Stored items
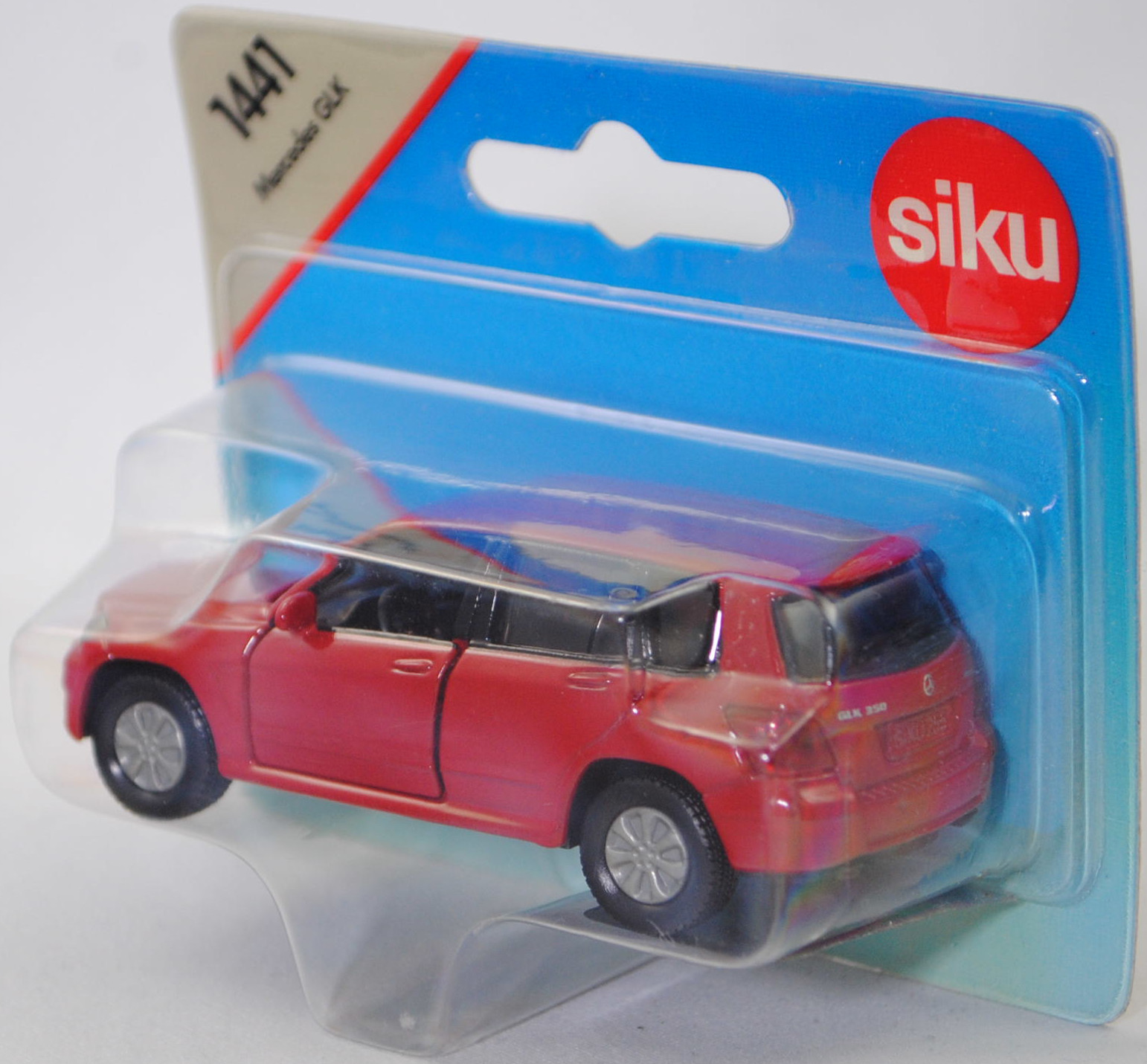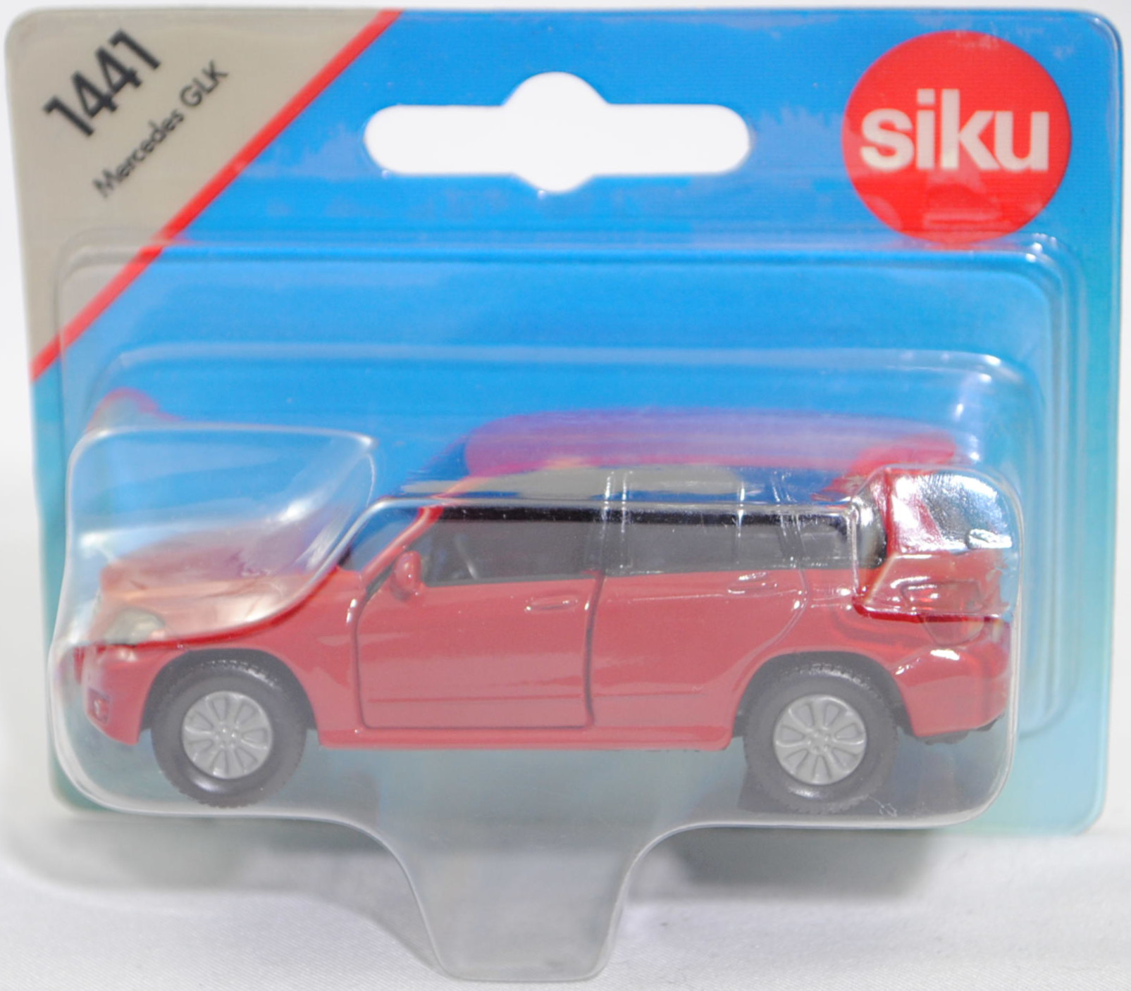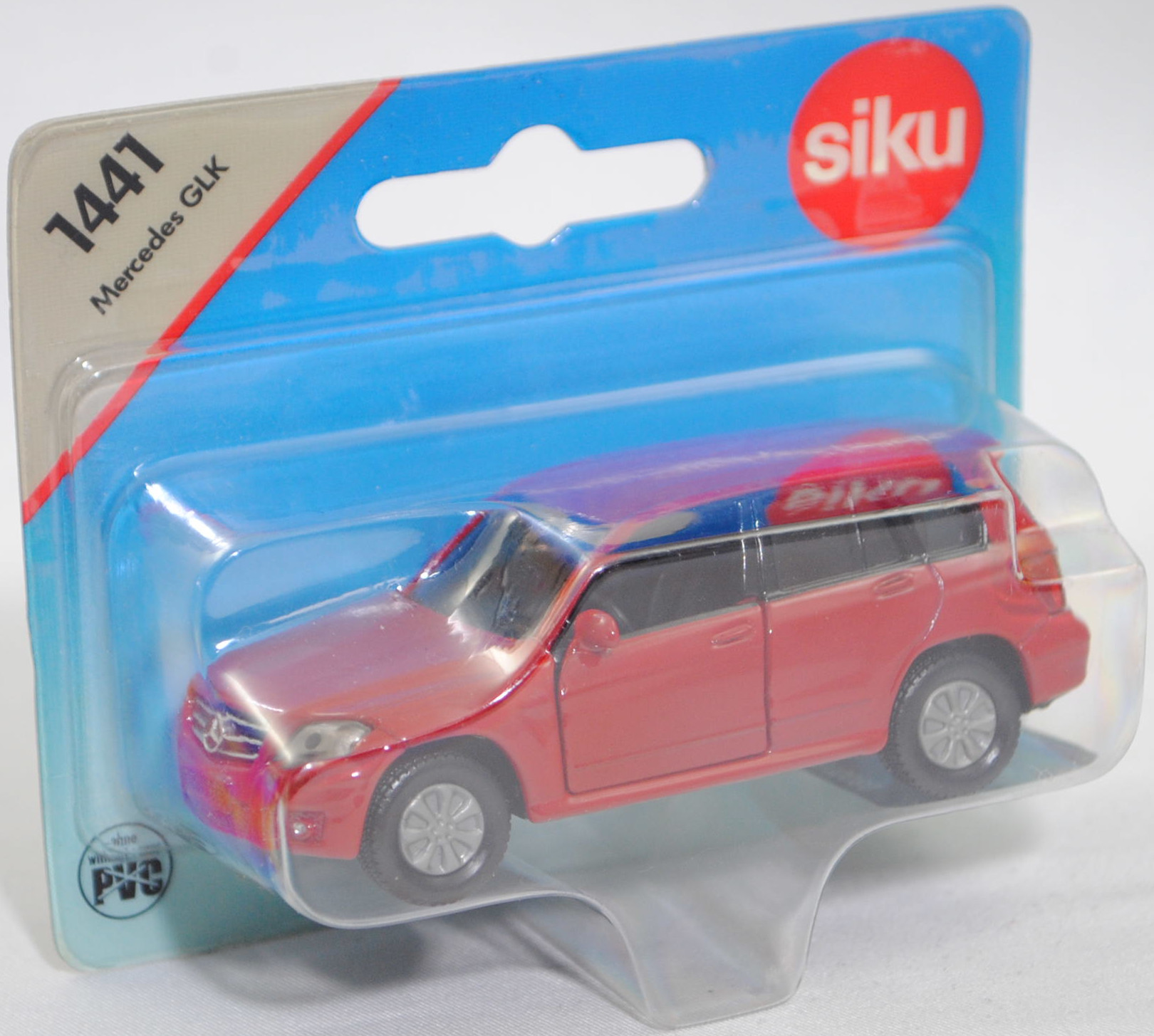 00002 Mercedes-Benz GLK 350 4MATIK (1. Generation, Baureihe GLK, interne Baureihenbezeichnung X 204, fünftüriger SUV (Sport Utility Vehicle) mit 5 Sitzplätzen, Konstruktionsbezeichnung X 204 E 35 4, Baumuster 204.987, Vertrieb in Deutschland bis 2011 und als Exportmodell bis 2012, Vor-MoPf (vor Modellpflege, Vorfacelift), Hauptscheinwerfer als Halogen-Scheinwerfer mit separaten Halogenlampen für Abblendlicht und Fernlicht, Kühlergrill mit drei Lamellen, Stoßfänger vorne mit rautenförmigen Einsatz außen und integrierten runden Nebelscheinwerfern sowie trapezförmigem Lüftungsgitter mittig wobei die längere Trapezseite an der Oberseite angeordnet ist, Stoßfängerunterseite mit integriertem Unterfahrschutz vorne glatt ohne Profilierung, Rückfahrscheinwerfer breit und mittig angeordnet, hohe Rückstrahler im hinteren Stoßfänger mit kurzem Übergang zur Seite kurz über den Auspuffendrohren angeordnet, Stoßfänger hinten mit gerade verlaufender Abschlusskante unten, Auspuffendrohren unterhalb des Stoßfängers angeordnet, Ausstattungslinie Grundmodell: Klarglas-Halogenscheinwerfer mit Projektionstechnik + Nebelscheinwerfer und Nebelschlussleuchte mit Klarglasabdeckung + Lufteinlass mit silbernen Lamellen + Außenspiegel links und rechts beheizt, von innen elektrisch einstellbar + Blinkleuchten in den Außenspiegeln + Türgriffe in Wagenfarbe lackiert + Kombiinstrument mit 3 analogen Rundinstrumenten und Display + Blinker mit Komfort-Tipp-Schaltung + Parameterlenkung + Sonnenblenden mit beleuchtetem Make-up-Spiegel + Handschuhkasten beleuchtet, klimatisier- und abschließbar + Ablagefach und Doppelcupholder in der Mittelkonsole + Armauflage vorne seitlich klappbar mit Ablagefach + Vordersitze mit elektrischer Höhen- und Lehnenverstellung, mechanischer Sitzkissenneigungsverstellung und Fahrersitz mit mechanischer Lordosenstütze + Polsterung Stoff Boston + Kartentaschen an Fahrer- und Beifahrerlehne + Einstiegsschienen vorne und hinten, vorne mit Schriftzug Mercedes-Benz + Seitenschweller schwarz genarbt + 3. Bremsleuchte in LED-Technik + Heckscheibenwischer mit automatischer Zuschaltung bei Rückwärtsfahrt + Leichtmetallräder im 7-Speichen-Design Größe 7,5 J x 17 ET 47,5 mit Reifen 235/60 R 17, 7G-Tronic (7-Gang-Automaikgetriebe), permanenter Allradantrieb 4MATIC, Motor: Mercedes-Benz Typ M 272 E 35 wassergekühlter Sechszylinder-V-Viertakt-Otto mit mirkoprozessorgesteuerter Einspritzung mit Heißfilm-Luftmassenmessung und zwei obenliegende Nockenwelle (DOHC = Double Overhead Camshaft) je Zylinderreihe sowie 4 Ventile pro Zylinder und 3498 cm³ sowie 272 PS, Baumuster Motor 272.971, Radstand 2755 mm, Länge 4528 mm, Modell 2008-2012), karminrot (vgl. feueropal beim Original, Farbcode 590 bzw. 3590), innen schwarzgrau, Sitze schwarzgrau, Lenkrad schwarzgrau, Lamellen und Mercedes-Benz-Stern im Kühlergrill silber, Druck Mercedes-Benz-Stern und GLK 350 / 4MATIC in silber auf der Heckklappe, Bpr. 1441 unter der Vorderachse und CE-Zeichen mittig hinter der Vorderachse sowie siku-Logo mittig auf dem Chassis, B45 silbergrau (Mercedes-Benz Leichtmetallräder im 7-Speichen-Design (Code R44) Größe 7,5 J x 17 ET 47,5 mit Lochkreis 5 x 112 (Teilenummer A 204 401 59 02, Farbcode silber) und Nabendeckel / Radzierdeckel (Teilenummer A 171 400 00 25, Farbcode silber mit Rand in royalblau (Farbcode 5337) sowie Stern in der Mitte und Lorbeerkranz außen) sowie Reifen 235/60 R 17 102V), SIKU SUPER, ca. 1:55, P29b (Vitrinenmodell, Schachtel mit Lagerspuren) (EAN 4006874014415)
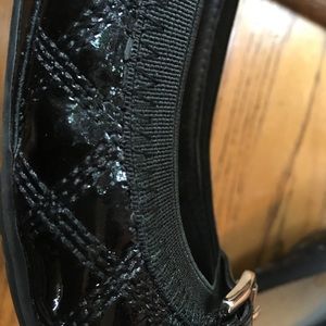 Cute Me Too black patent leather shoes with nice quilted pattern with buckle. Very comfortable with a small 1 inch wedge heal. Only worn a couple times. In great condition. Size 6
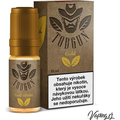Tabákový e-liquid TobGun - GOLD 10ml PG30/VG70 Obsah nikotinu: 1.5mg, 3mg, 6mg, 12mg a 18mg Poměr PG/VG: 30/70 Obsah balení: 10ml S TobGun Gold na vás čeká jemná tabáková příchuť s lehce zemitými tóny, která se jen tak neomrzí a každý potah přináší vynikající požitek...
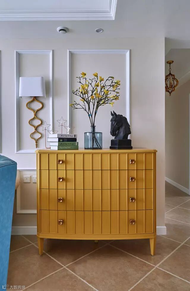 沙发墙靠近过道这里还摆了个艳黄的斗柜,摆上禅意的摆饰,整个空间都显得格外的时尚开朗的感觉;
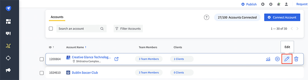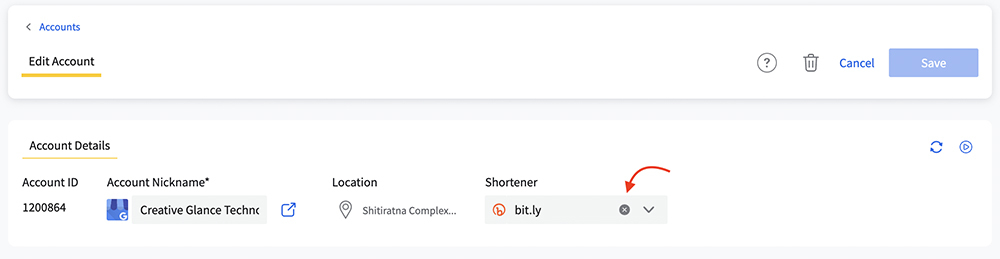 Navigate to the account for which you want to remove the URL Shortener and click the Edit icon.
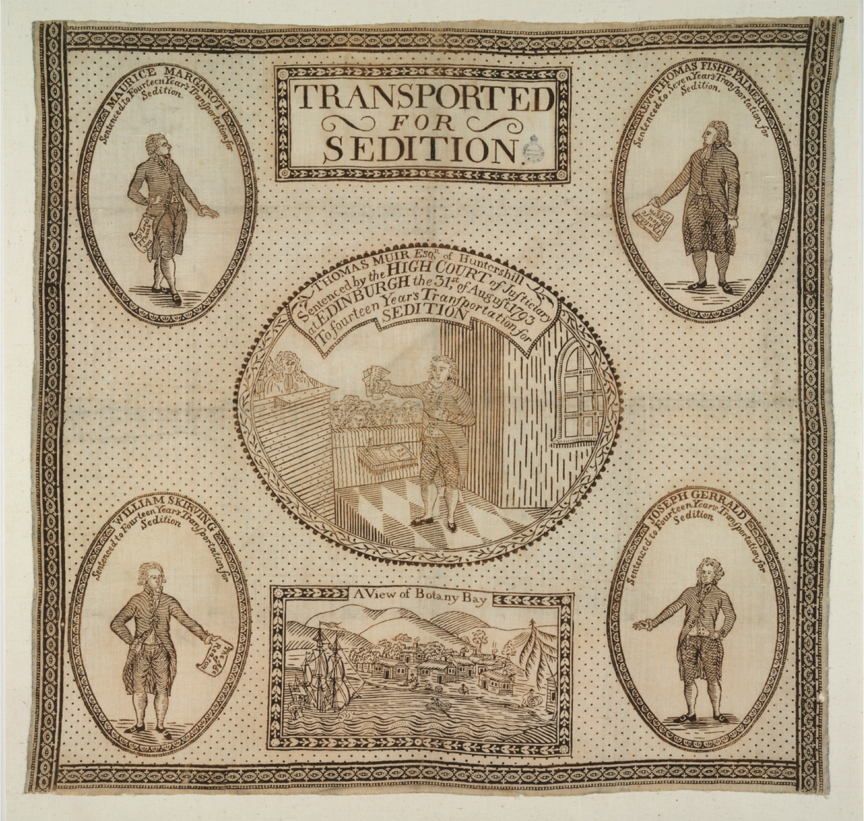 The founding of New South Wales took place roughly sixteen months prior to the French Revolution. In Britain, the events in France prompted an explosion of speeches, sermons, and pamphleteering, supported by an expanding number of periodicals and societies like the Friends of the People.[8] In the early years of the revolution, it was not uncommon for leading public figures to praise the French, albeit through self-congratulatory references to England’s own ‘Glorious’ revolution in 1688.[9] In reality, the landed classes in eighteenth-century Britain enjoyed enormous power whilst many regarded the House of Commons as a profoundly corrupt and unrepresentative body that had failed to contain the power of the royal state.[10] Struggles between the propertied classes and labourers had been going on for much of the century, yet progressive social elites inspired by Enlightenment ideals also began pursuing their own reform agenda. In the 1780s, Scottish Whigs began campaigning for political reform at the town and county level.[11] This kind of moderate political reform, led by urban middle classes, sought only a limited extension of voting rights, let alone universal suffrage.[12] Yet many of the ‘lower orders,’ particularly skilled artisans and small shopkeepers, had a growing self-confidence. When the French Revolution broke out, they began demanding greater representation in Parliament, especially through more frequent elections and universal male suffrage.[13]
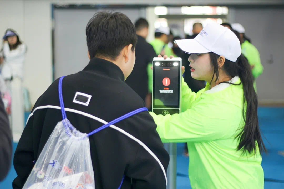 志愿者们根据岗位安排,各司其职,分布在选手报到服务的各个关键节点。选手报到服务工作下设包含外围指引、人脸识别、芯片检测等13个服务组别,志愿者们以高度的责任感和敬业的精神,确保了服务的精准与高效,通过热情引导、耐心讲解帮助选手快速地完成报到流程。
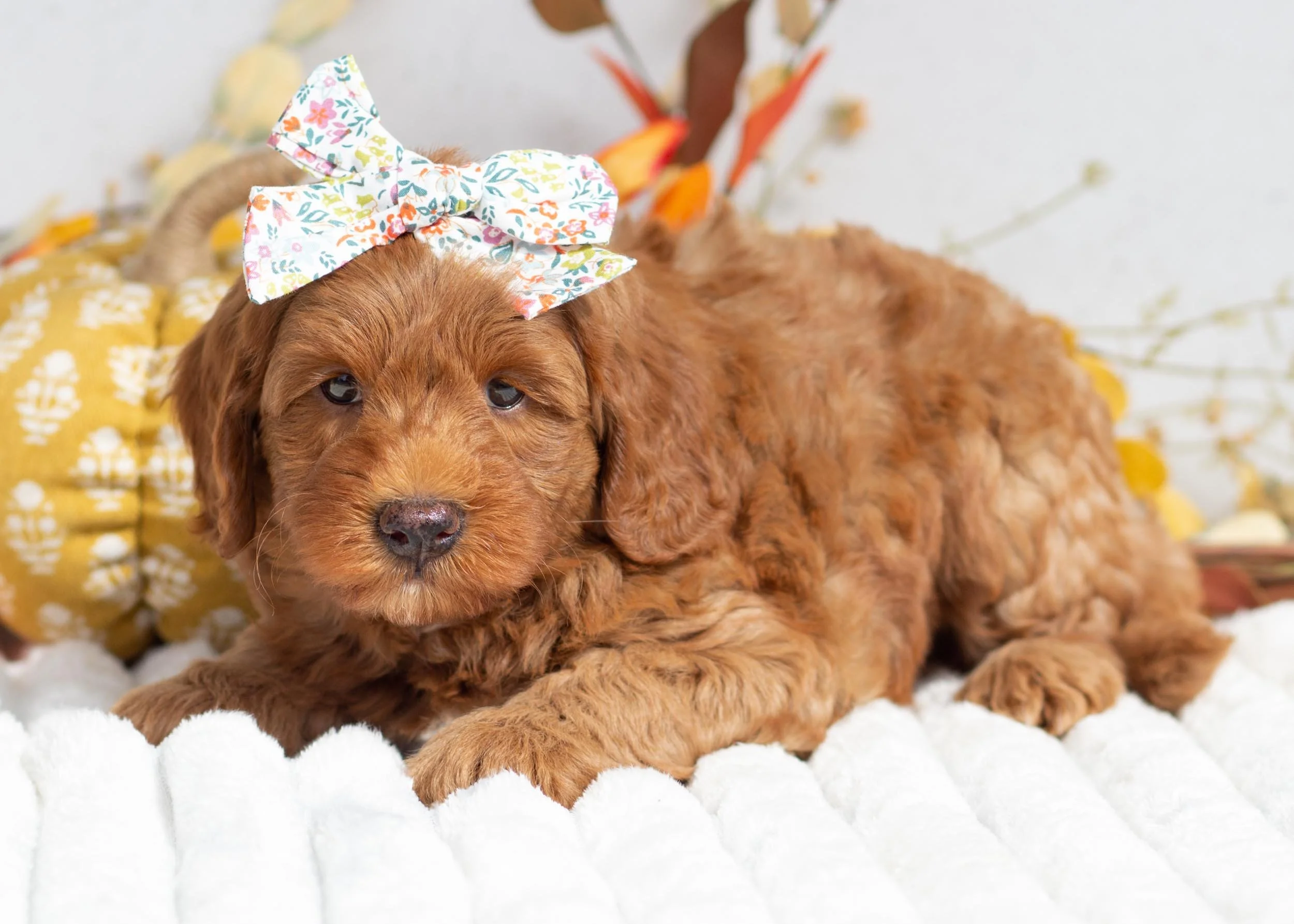 Above are Maple’s parents. Her mother Chloe (Genetic Tested) is a F1b Goldendoodle that weighs 29 pounds. Her father Gordon (Genetic Tested) is a F1b Goldendoodle weighing 10 pounds.
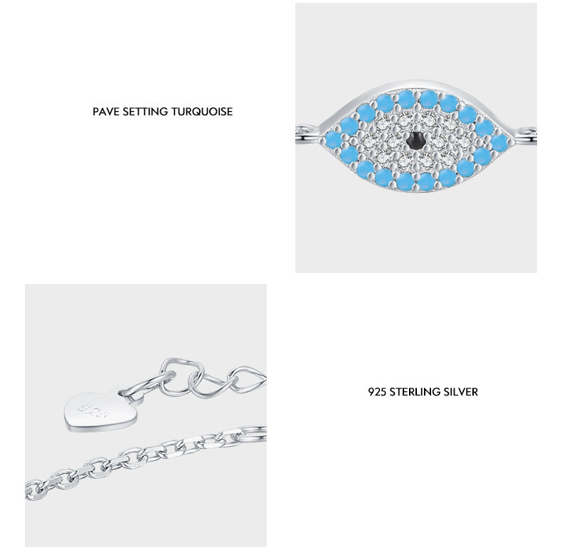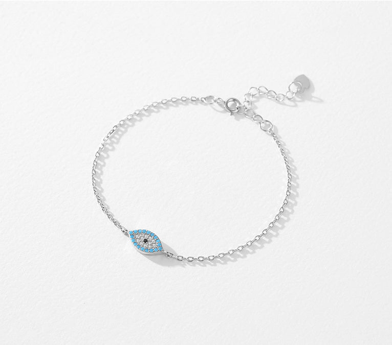 S925 Sterling Silver turquoise Devil's Eye Bracelet Female Fashion Personality Light Luxury Full of Diamonds(zircon)
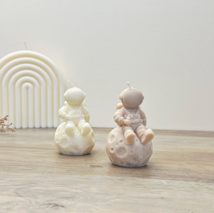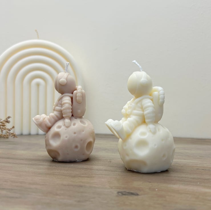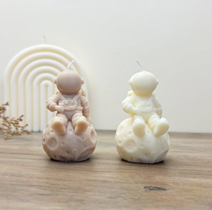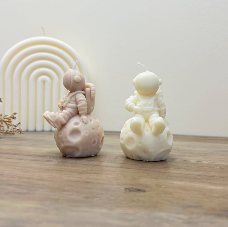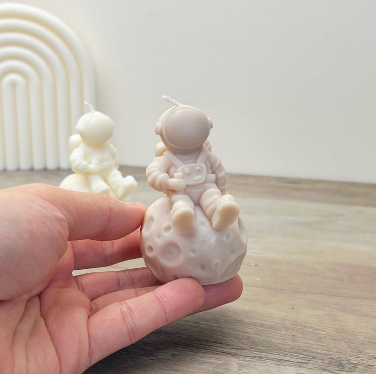 Light up your world with this quirky, handmade soy wax astronaut candle! Our spaceman candle is perfect as a funky home decor piece or birthday cake topper for any space-themed party, it’s crafted with 100% natural soy wax and comes complete with a crater filled moon and little spaceman in a spacesuit and helmet. Vegan-friendly and biodegradable, it’s the perfect gift for the star-gazer in your life!

**ACTIVITY**
Write out word for word the lines above that run from the one with "Cute Me Too" to the one with "志愿者们根据岗位安排,各司其". Include both end lines; exclude the images.

**RESULT OF THE TASK**
 Cute Me Too black patent leather shoes with nice quilted pattern with buckle. Very comfortable with a small 1 inch wedge heal. Only worn a couple times. In great condition. Size 6
Tabákový e-liquid TobGun - GOLD 10ml PG30/VG70 Obsah nikotinu: 1.5mg, 3mg, 6mg, 12mg a 18mg Poměr PG/VG: 30/70 Obsah balení: 10ml S TobGun Gold na vás čeká jemná tabáková příchuť s lehce zemitými tóny, která se jen tak neomrzí a každý potah přináší vynikající požitek...
 沙发墙靠近过道这里还摆了个艳黄的斗柜,摆上禅意的摆饰,整个空间都显得格外的时尚开朗的感觉;
 Navigate to the account for which you want to remove the URL Shortener and click the Edit icon.
 The founding of New South Wales took place roughly sixteen months prior to the French Revolution. In Britain, the events in France prompted an explosion of speeches, sermons, and pamphleteering, supported by an expanding number of periodicals and societies like the Friends of the People.[8] In the early years of the revolution, it was not uncommon for leading public figures to praise the French, albeit through self-congratulatory references to England’s own ‘Glorious’ revolution in 1688.[9] In reality, the landed classes in eighteenth-century Britain enjoyed enormous power whilst many regarded the House of Commons as a profoundly corrupt and unrepresentative body that had failed to contain the power of the royal state.[10] Struggles between the propertied classes and labourers had been going on for much of the century, yet progressive social elites inspired by Enlightenment ideals also began pursuing their own reform agenda. In the 1780s, Scottish Whigs began campaigning for political reform at the town and county level.[11] This kind of moderate political reform, led by urban middle classes, sought only a limited extension of voting rights, let alone universal suffrage.[12] Yet many of the ‘lower orders,’ particularly skilled artisans and small shopkeepers, had a growing self-confidence. When the French Revolution broke out, they began demanding greater representation in Parliament, especially through more frequent elections and universal male suffrage.[13]
 志愿者们根据岗位安排,各司其职,分布在选手报到服务的各个关键节点。选手报到服务工作下设包含外围指引、人脸识别、芯片检测等13个服务组别,志愿者们以高度的责任感和敬业的精神,确保了服务的精准与高效,通过热情引导、耐心讲解帮助选手快速地完成报到流程。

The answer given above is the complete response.